My, my, my…how time flies.
I remember writing about my sister’s birth. I remember retreating to that childlike mental space; remembering how that feels as a child to attempt to understand the process of new life coming into the world. The same thing is happening again – only I’m an adult.
And I still don’t fully understand it.
But alas, we’re not meant to understand it all, I suppose.
My younger sister now has a baby girl named Shannon. Shannon was 2 weeks late; so we were all relieved when she finally popped out. She came out screaming, with bright blue eyes and a full head of dark brown hair. She’s amazing.
My sister and her husband are excited, but terrified.

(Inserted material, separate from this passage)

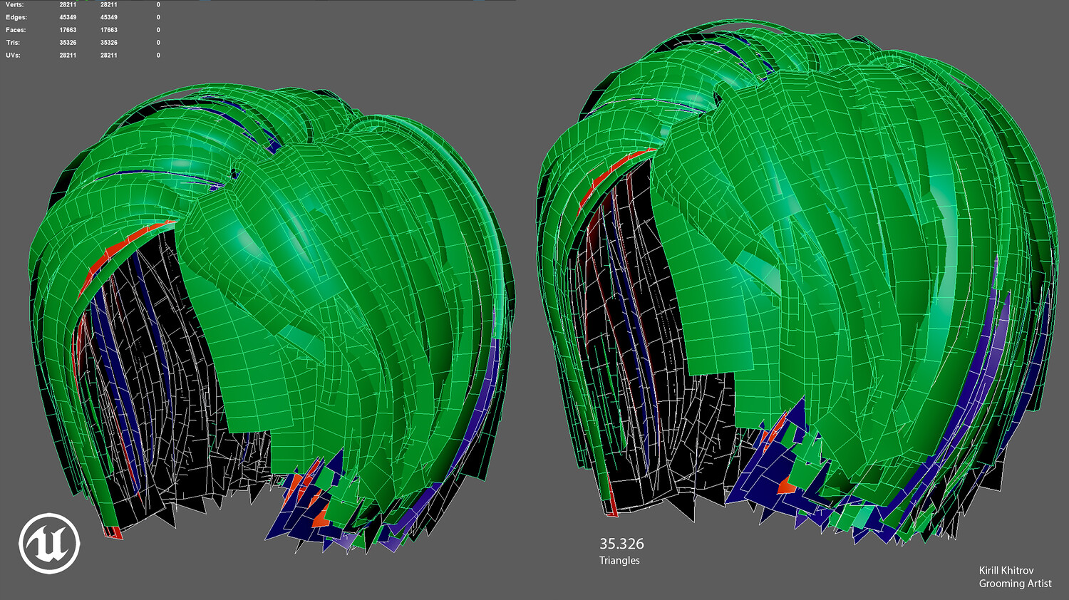 Used software Maya. XGen (hair strands). Arnold (Hair Baking)

Because the truth is, Shannon isn’t their first. They had a still birth just last year. That baby was also a girl, her name was to be Elizabeth. But she died a week before her due date; so Gracie still had to deliver her.
That was one of the hardest things I’ve ever seen my sister endure. Probably for the rest of her life – she will always wonder what could have been. What would Elizabeth have been like? Would she be a singer like her mother? Or a painter like her Dad?
Either way, God has given them a new life to hold on to. But I know Gracie is worried she might hold on too tightly.
Her husband, Ben, is also a little afraid. But he is one of the strongest, most peaceful men I’ve ever met. I just know that as they lean on each other, their lives will blossom. And so will little Shannon.
Oh, I get so excited when I remember that I’m now an Aunt!!! I can’t wait to spoil her with toys and trips and tacos. Shannon is my first niece; so our bond will be special.
Well, I’m gonna go visit them for the 3rd time this week. I have food to give them – and I can’t get enough of my little baby girl!